# [Work instructions]
Look through the data below and output, unchanged, every line from the one holding "Blei’s expressive brushwork" through the one holding "浅(12画)野(11画)目(5画) 蓮(15画)翔(12画)", inclusive. Skip the pictures.

# [Records for this task]
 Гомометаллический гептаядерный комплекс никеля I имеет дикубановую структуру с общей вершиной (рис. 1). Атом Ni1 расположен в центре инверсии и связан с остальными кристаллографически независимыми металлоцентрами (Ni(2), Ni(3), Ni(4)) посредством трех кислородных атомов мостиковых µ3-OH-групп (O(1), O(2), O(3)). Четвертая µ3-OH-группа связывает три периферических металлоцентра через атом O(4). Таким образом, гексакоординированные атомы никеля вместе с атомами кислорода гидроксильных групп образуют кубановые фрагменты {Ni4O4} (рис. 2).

---

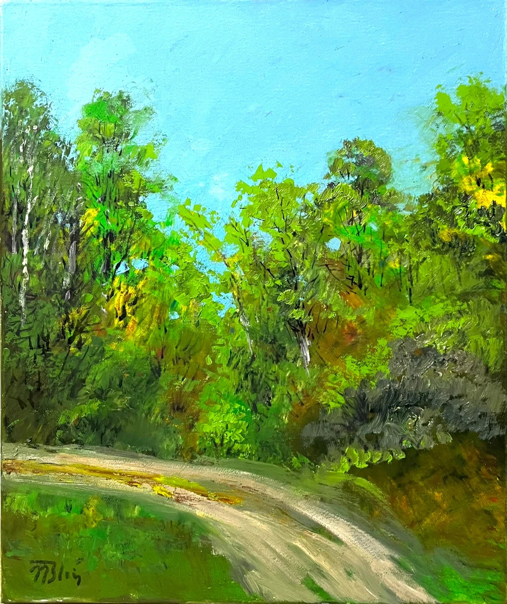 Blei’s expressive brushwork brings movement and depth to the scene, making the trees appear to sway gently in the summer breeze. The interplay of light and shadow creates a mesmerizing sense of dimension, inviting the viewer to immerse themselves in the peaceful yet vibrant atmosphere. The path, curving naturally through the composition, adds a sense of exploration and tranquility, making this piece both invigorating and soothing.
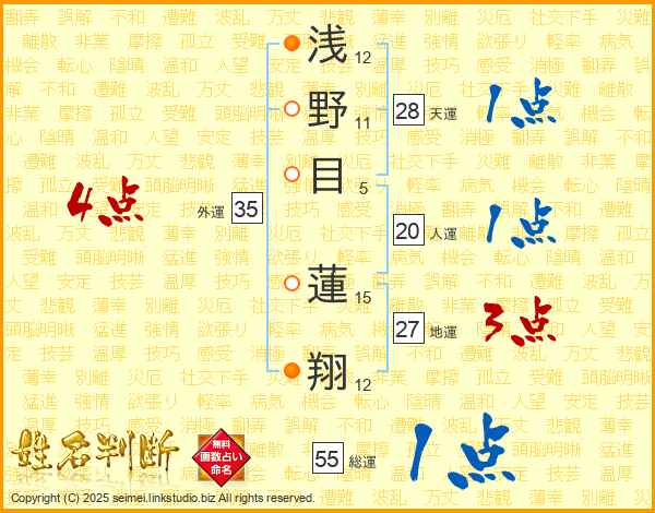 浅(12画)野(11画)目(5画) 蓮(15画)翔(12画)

==

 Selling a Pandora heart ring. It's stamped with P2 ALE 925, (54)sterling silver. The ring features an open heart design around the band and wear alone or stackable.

# [Answer to this problem]
 Blei’s expressive brushwork brings movement and depth to the scene, making the trees appear to sway gently in the summer breeze. The interplay of light and shadow creates a mesmerizing sense of dimension, inviting the viewer to immerse themselves in the peaceful yet vibrant atmosphere. The path, curving naturally through the composition, adds a sense of exploration and tranquility, making this piece both invigorating and soothing.
 浅(12画)野(11画)目(5画) 蓮(15画)翔(12画)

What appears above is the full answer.